Every record that follows should be copied exactly. No picture belongs in the copy.

Stored data entries
----
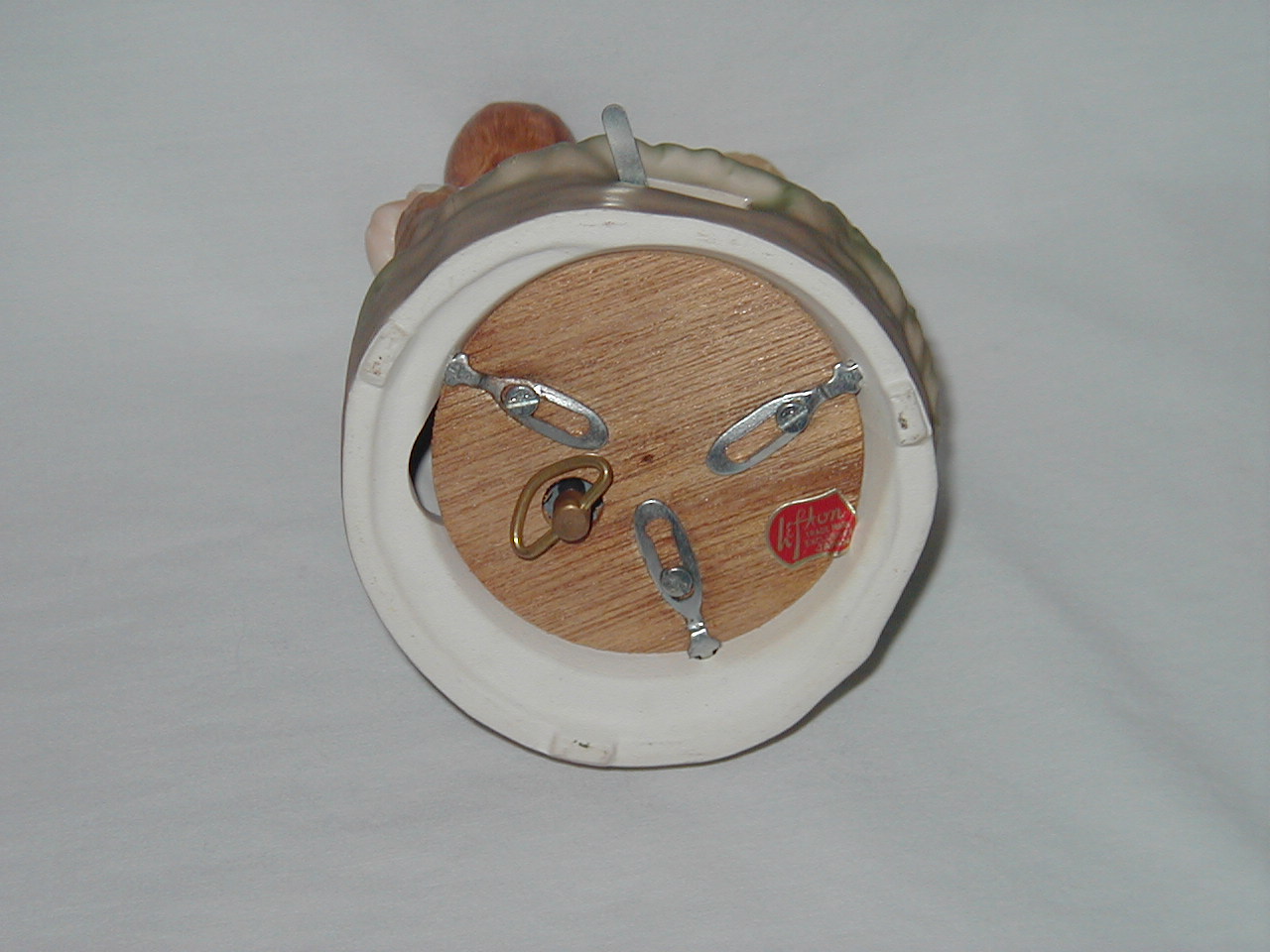 This collection of Old Japan Figurines i consider to be the best example of what Japan has contributed to the world of small and affordable music boxes. All the figurines are done in the same style and coloring, are well executed in detail and are easily recognizable. They can even be compared with Hummel's. I estimate the period they were being produced as the sixties and seventies (no markings, therefore an estimate). A great many different objects in this style were produced of which this collection gives an idea, although it is not complete by a long shot.
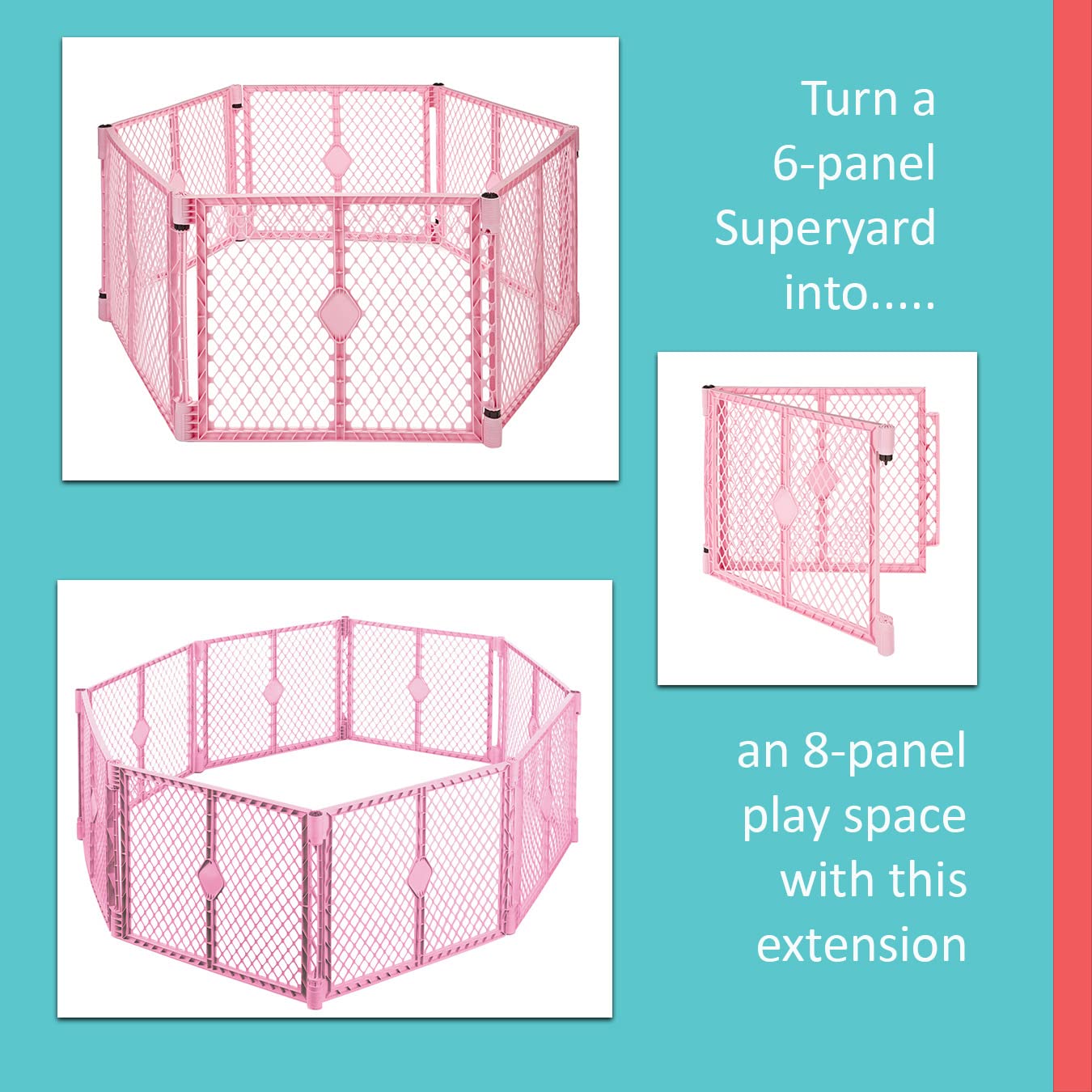 About the Superyard Baby Play Yard: Large spaces make it even tougher to keep tabs on your child! Ensure he or she is safe and secure with our baby playpen designed for indoor or outdoor use. The UV-resistant design keeps colors vibrant and ensures long-lasting durability. The 6-panel play yard encloses up to 18.5 sq. ft. and is 26 in. tall. The 6 pre-connected panels come ready to go, simply unfold and connect the ends together. Our portable baby fence folds quickly and includes a carry strap for easy transport. This baby barrier features SuperGrip feet and skid-resistant pads to prevent movement and protect hardwood floors. The plastic play pen has self-locking hinges that only bend in one direction. The clicking noise ensures the hinges are locked. For added home safety convenience, the play yard can be converted into an extra-wide baby gate using our Superyard Wall Mount Kit (sold separately). Every Toddleroo by North States play yard is JPMA and ASTM certified. Our plastic gates and plastic play yards are made of non-toxic polypropylene and pigments that contain no heavy metals (no lead), no Phthalates or PVCs, and are BPA free. Proudly made in the USA. About Toddleroo by North States: We pride ourselves on U.S. manufacturing because it allows us to maintain the highest standard of quality control. Since 1953, our products have been built by skilled craftsmen and women who are dedicated to making the finest products in America. Our innovative, superior-quality products are designed to achieve the highest standards in safety, durability, and ease of use. You’ll always find us ahead of the curve and on the cutting edge of the industry.
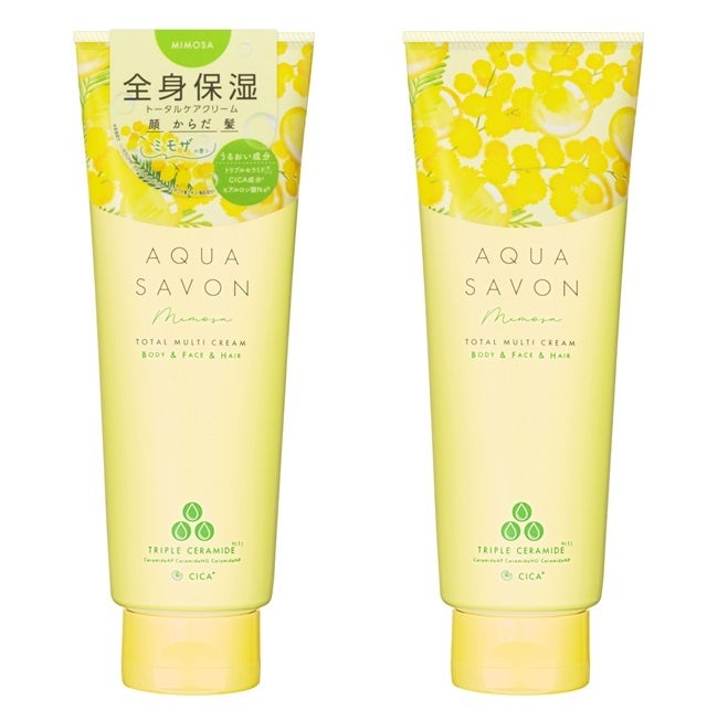 早春の頃に小さく黄色い花を咲かせるミモザは、春の訪れを告げる花として近年人気を集めています。また3月8日は、女性の社会参画やジェンダー平等を願う日として国連が制定した「国際女性デー」で、イタリアではその日に女性に感謝の気持ちを込めてミモザを贈ることから「ミモザの日」とも呼ばれており、日本でも様々な活動が行われるなど、ミモザが注目されています。「サクラフローラルの香り」「きんもくせいの香り」「ゆずの香り」など季節の香りが人気の「アクア シャボン」から、待望の『ミモザの香り』が登場しました。『オードトワレ』『ハンドクリーム』『トータルマルチクリーム』『フレグランスヘアオイル』と、生活シーンに合わせて選べるアイテムをラインナップしています。
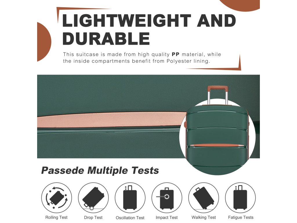Vďaka odolnému polypropylénu a elegantnému zelenému prevedeniu je kufor Kono skvelým partnerom pre každého cestovateľa. Zabezpečí bezpečie vašich vecí, jednoduchú manipuláciu a moderný vzhľad pri každom dobrodružstve. ✈️💼
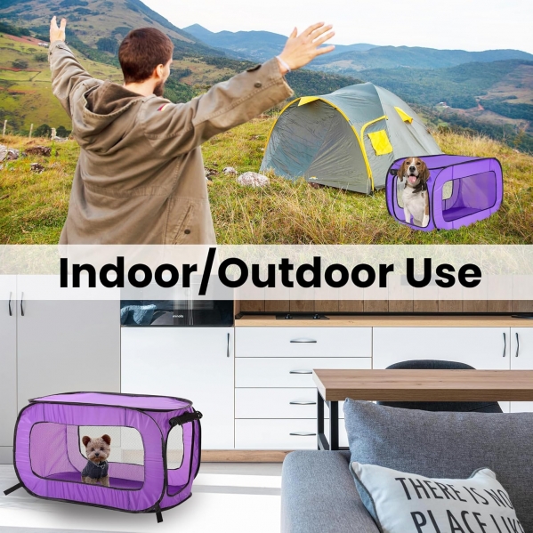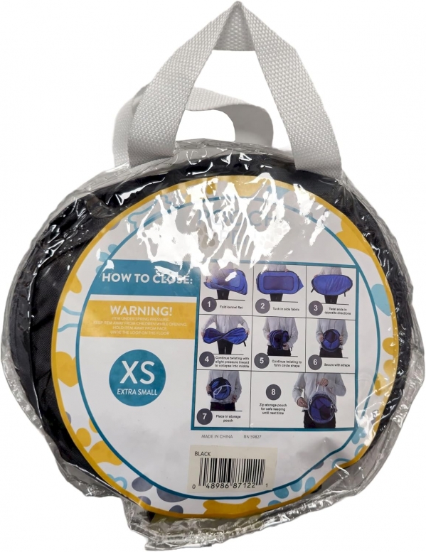 This lightweight collapsible dog crate is the perfect pet kennel for keeping Fido with you on all your travels. The roomy pop up kennel packs down to a compact 9" round disk weighing 1 lb. to make it portable and easy to pack. Made of lightweight durable polyester with mesh window screen panels for ventilation and visibility. Works great as a dog bed too. Overall dog crate measures 24"L x 16.6"W and 16"H. Dual zippered door opening measures 12.5" x 12".
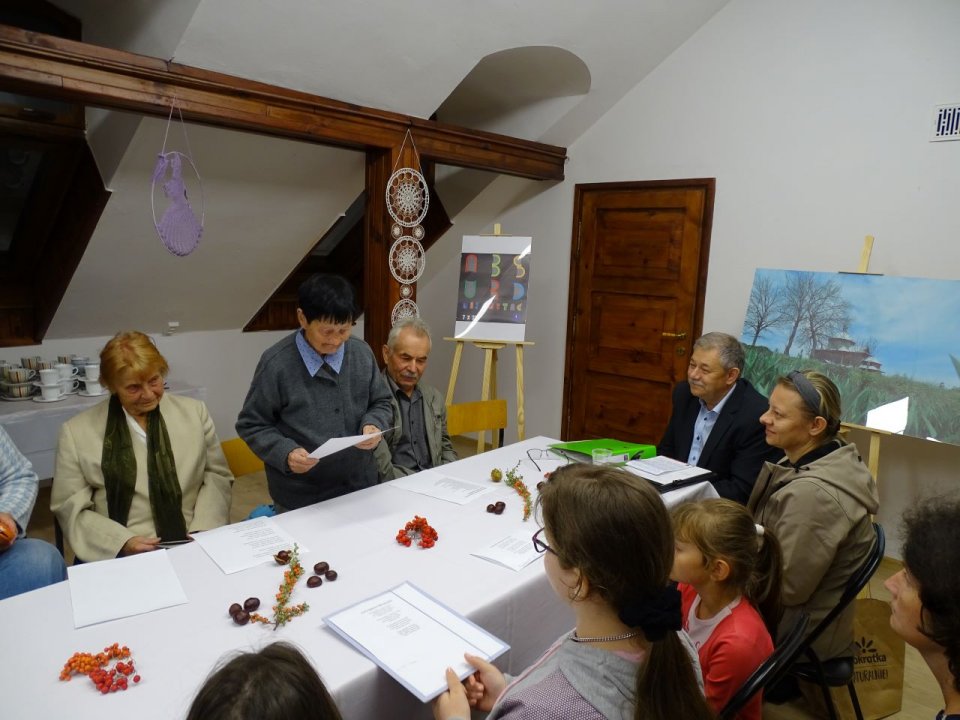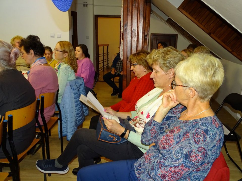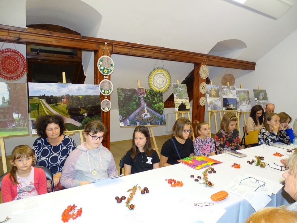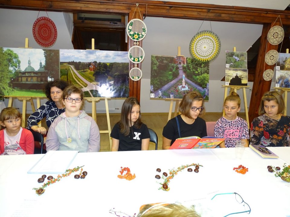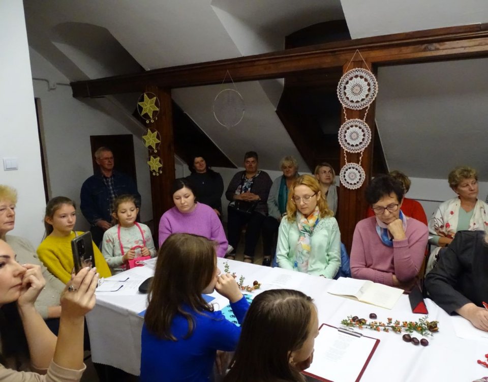 Następnie, znany regionalista, Pan Ryszard Wieczorek z Kryłowa, w niezwykle ciekawy sposób przybliżył kilka sylwetek ludzi związanych i zasłużonych dla naszej najbliższej okolicy: Mieczysława Piwkowskiego, Michała Karowicza i Sylwestra Drączkowskiego. Zebrani mogli też obejrzeć różne stare dokumenty, fotografie, wycinki z gazet dotyczące wymienionych osób i znanych nam miejsc. To była niezwykła lekcja historii dla tych najmłodszych jak i dorosłych. Spotkanie odbywało się na tle wystawy fotografii zabytków z terenu naszej gminy, przygotowanej w ramach projektu przez nauczycieli miejscowej szkoły: P. Emilii Kopera i P. Jarosława Demendeckiego.
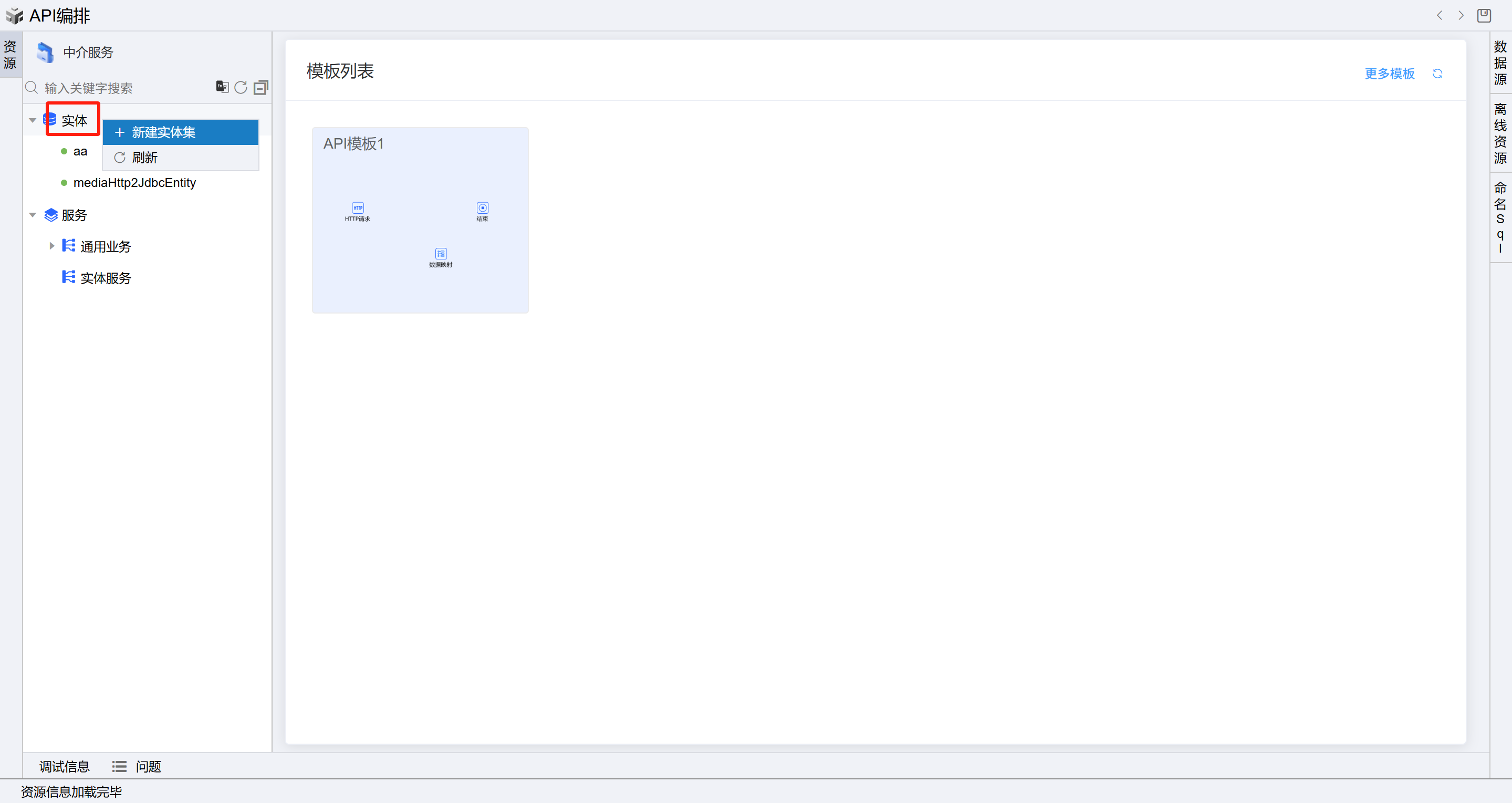 - 在编排页面中,在”实体”目录上点击右键,点击”新建实体集“,进入实体创建页面。
----
» **YOUR SOLUTION**:
 This collection of Old Japan Figurines i consider to be the best example of what Japan has contributed to the world of small and affordable music boxes. All the figurines are done in the same style and coloring, are well executed in detail and are easily recognizable. They can even be compared with Hummel's. I estimate the period they were being produced as the sixties and seventies (no markings, therefore an estimate). A great many different objects in this style were produced of which this collection gives an idea, although it is not complete by a long shot.
 About the Superyard Baby Play Yard: Large spaces make it even tougher to keep tabs on your child! Ensure he or she is safe and secure with our baby playpen designed for indoor or outdoor use. The UV-resistant design keeps colors vibrant and ensures long-lasting durability. The 6-panel play yard encloses up to 18.5 sq. ft. and is 26 in. tall. The 6 pre-connected panels come ready to go, simply unfold and connect the ends together. Our portable baby fence folds quickly and includes a carry strap for easy transport. This baby barrier features SuperGrip feet and skid-resistant pads to prevent movement and protect hardwood floors. The plastic play pen has self-locking hinges that only bend in one direction. The clicking noise ensures the hinges are locked. For added home safety convenience, the play yard can be converted into an extra-wide baby gate using our Superyard Wall Mount Kit (sold separately). Every Toddleroo by North States play yard is JPMA and ASTM certified. Our plastic gates and plastic play yards are made of non-toxic polypropylene and pigments that contain no heavy metals (no lead), no Phthalates or PVCs, and are BPA free. Proudly made in the USA. About Toddleroo by North States: We pride ourselves on U.S. manufacturing because it allows us to maintain the highest standard of quality control. Since 1953, our products have been built by skilled craftsmen and women who are dedicated to making the finest products in America. Our innovative, superior-quality products are designed to achieve the highest standards in safety, durability, and ease of use. You’ll always find us ahead of the curve and on the cutting edge of the industry.
 早春の頃に小さく黄色い花を咲かせるミモザは、春の訪れを告げる花として近年人気を集めています。また3月8日は、女性の社会参画やジェンダー平等を願う日として国連が制定した「国際女性デー」で、イタリアではその日に女性に感謝の気持ちを込めてミモザを贈ることから「ミモザの日」とも呼ばれており、日本でも様々な活動が行われるなど、ミモザが注目されています。「サクラフローラルの香り」「きんもくせいの香り」「ゆずの香り」など季節の香りが人気の「アクア シャボン」から、待望の『ミモザの香り』が登場しました。『オードトワレ』『ハンドクリーム』『トータルマルチクリーム』『フレグランスヘアオイル』と、生活シーンに合わせて選べるアイテムをラインナップしています。
Vďaka odolnému polypropylénu a elegantnému zelenému prevedeniu je kufor Kono skvelým partnerom pre každého cestovateľa. Zabezpečí bezpečie vašich vecí, jednoduchú manipuláciu a moderný vzhľad pri každom dobrodružstve. ✈️💼
 This lightweight collapsible dog crate is the perfect pet kennel for keeping Fido with you on all your travels. The roomy pop up kennel packs down to a compact 9" round disk weighing 1 lb. to make it portable and easy to pack. Made of lightweight durable polyester with mesh window screen panels for ventilation and visibility. Works great as a dog bed too. Overall dog crate measures 24"L x 16.6"W and 16"H. Dual zippered door opening measures 12.5" x 12".
 Następnie, znany regionalista, Pan Ryszard Wieczorek z Kryłowa, w niezwykle ciekawy sposób przybliżył kilka sylwetek ludzi związanych i zasłużonych dla naszej najbliższej okolicy: Mieczysława Piwkowskiego, Michała Karowicza i Sylwestra Drączkowskiego. Zebrani mogli też obejrzeć różne stare dokumenty, fotografie, wycinki z gazet dotyczące wymienionych osób i znanych nam miejsc. To była niezwykła lekcja historii dla tych najmłodszych jak i dorosłych. Spotkanie odbywało się na tle wystawy fotografii zabytków z terenu naszej gminy, przygotowanej w ramach projektu przez nauczycieli miejscowej szkoły: P. Emilii Kopera i P. Jarosława Demendeckiego.
 - 在编排页面中,在”实体”目录上点击右键,点击”新建实体集“,进入实体创建页面。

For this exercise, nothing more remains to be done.